# Estimate energy of infinite well (ground state)

thatguy14

## Homework Statement

We have to estimate the ground state energy of an infinite potential well (1d) using an argument based on the Heisenberg uncertainty principal. We then are supposed to compare it with the exact value from the eigenvalue equation.

Below

## The Attempt at a Solution

I am not really sure where to start on this one but this is what I tried:

ΔxΔp = h and since there is no potential where the particle is all the energy is kinetic so classically Ke = E = p^2/2m. then to look at change i just did

Δp = $\sqrt{ΔE2m}$

and subbed it into the above unvertainty principle. This gives

Δx$\sqrt{ΔE2m}$ = h
$Δx^{2}$ΔE2m = $h^{2}$
ΔE = $\frac{h^{2}}{2mΔx^2}$

The problem is that even if this is somewhat right I am not sure what I really did. Can anyone give me some hints?

Homework Helper
Gold Member
Usually Δ represents "change" in a quantity. But in the uncertainty principle, it indicates the uncertainty in a quantity. The uncertainty is loosely the "spread" in possible results of measuring that quantity.

You know the particle is somewhere in the box of length L. That's all the information you have to go on when trying to estimate the uncertainty in position. So, as a crude estimate, you can take the uncertainty in x to be L: Δx $\approx$ L. Using this estimate for Δx, the uncertainty principle gives an estimate for the uncertainty in momentum Δpx.

To estimate the ground state energy, you need an estimate of the momentum px since E = px2/(2m). You have an estimate for Δpx, but you need an estimate of px itself. Here's where the argument gets "shaky" in my opinion. It seems reasonable that px should be at least of the order of magnitude of Δpx. The usual assumption is to just estimate px by its uncertainty Δpx.

Now, it is easy to think of examples where the value of some quantity is orders of magnitude greater than the uncertainty in the quantity.
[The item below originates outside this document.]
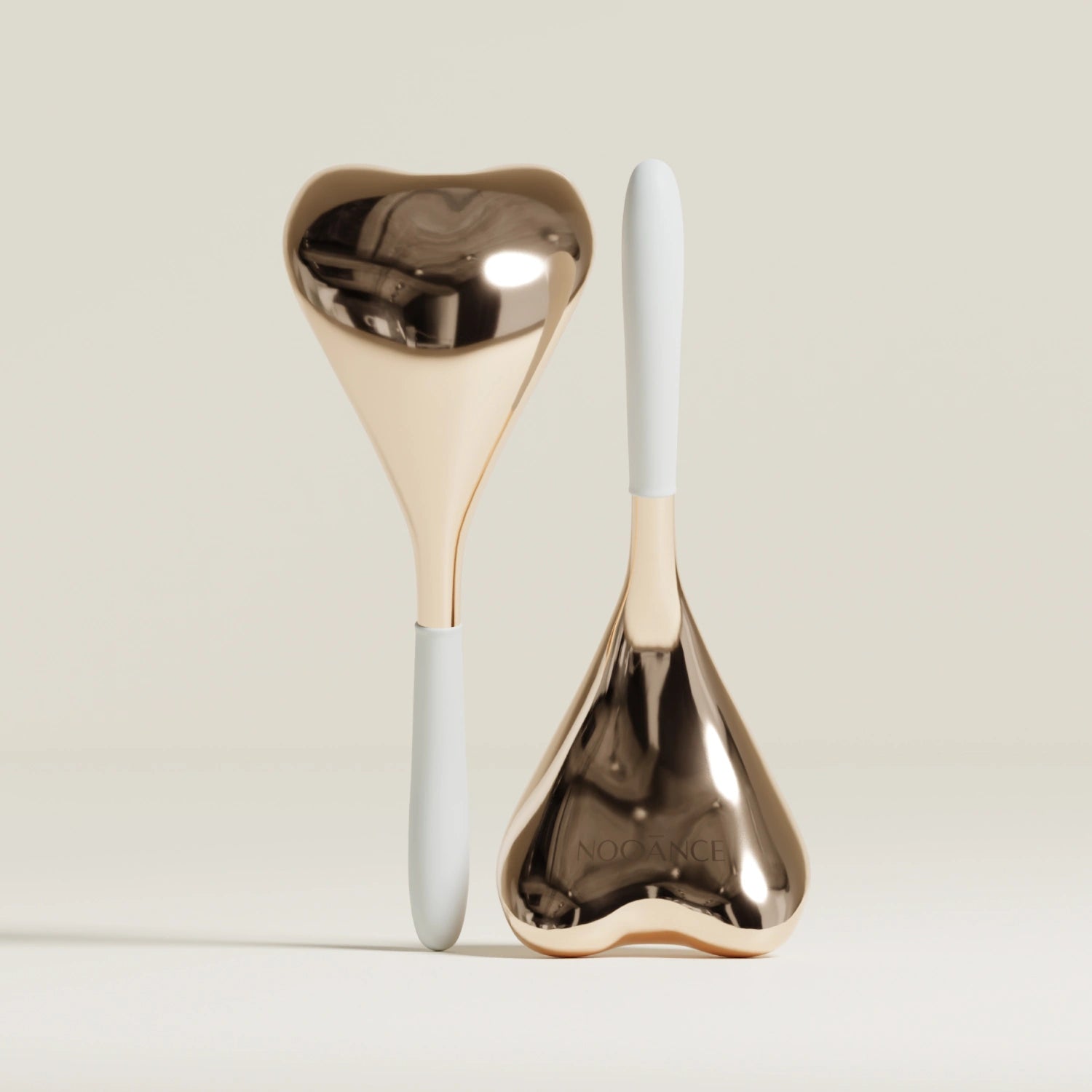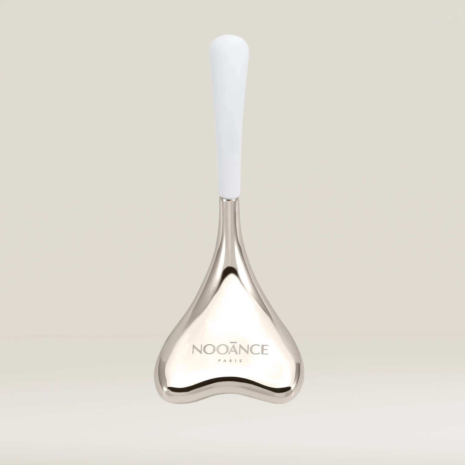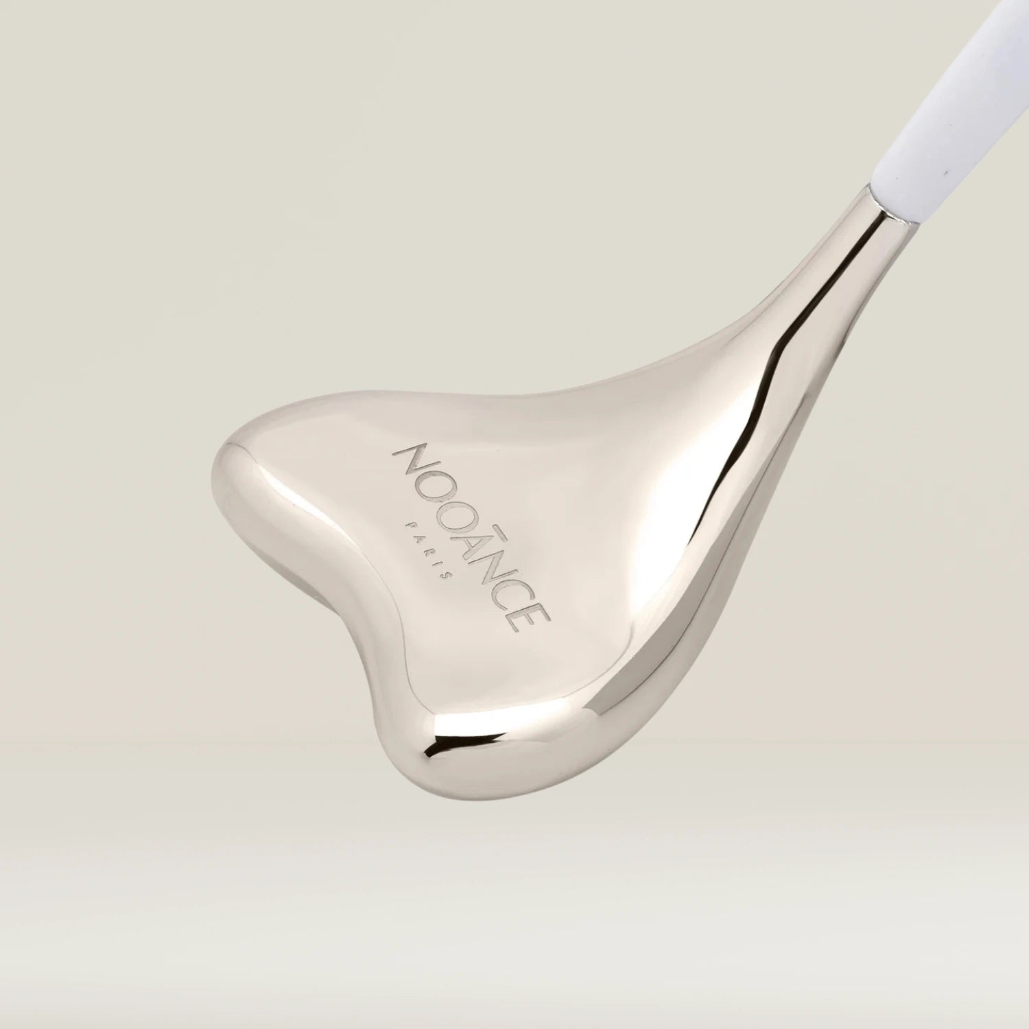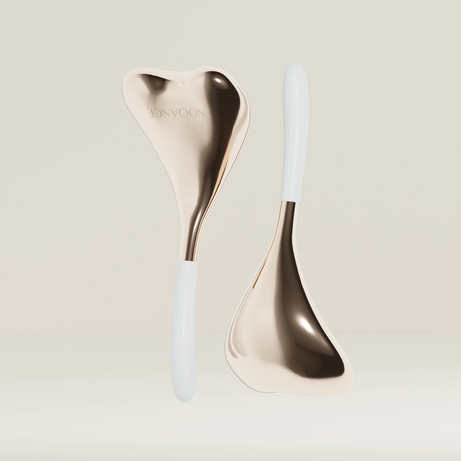 Sotto la linea della mascella: Posizionare i cucchiai al centro del collo, appena sotto la linea della mascella. Con un unico movimento, far scorrere i cucchiai dal centro verso l'esterno, verso la parte inferiore delle orecchie, quindi lungo il collo fino alle clavicole. Usare il lato arrotondato dei cucchiai.

So, you could worry that estimating px by Δpx might be a bad estimate. But that is what is done in this case.

You can sort of support this by considering the classical particle in a box. The classical particle bounces back and forth in the box with a fixed magnitude of momentum but with a changing direction. So, the momentum has two possible values $\pm$ px and each is equally likely. So, the "spread" in momentum is of the same order of magnitude as the momentum itself.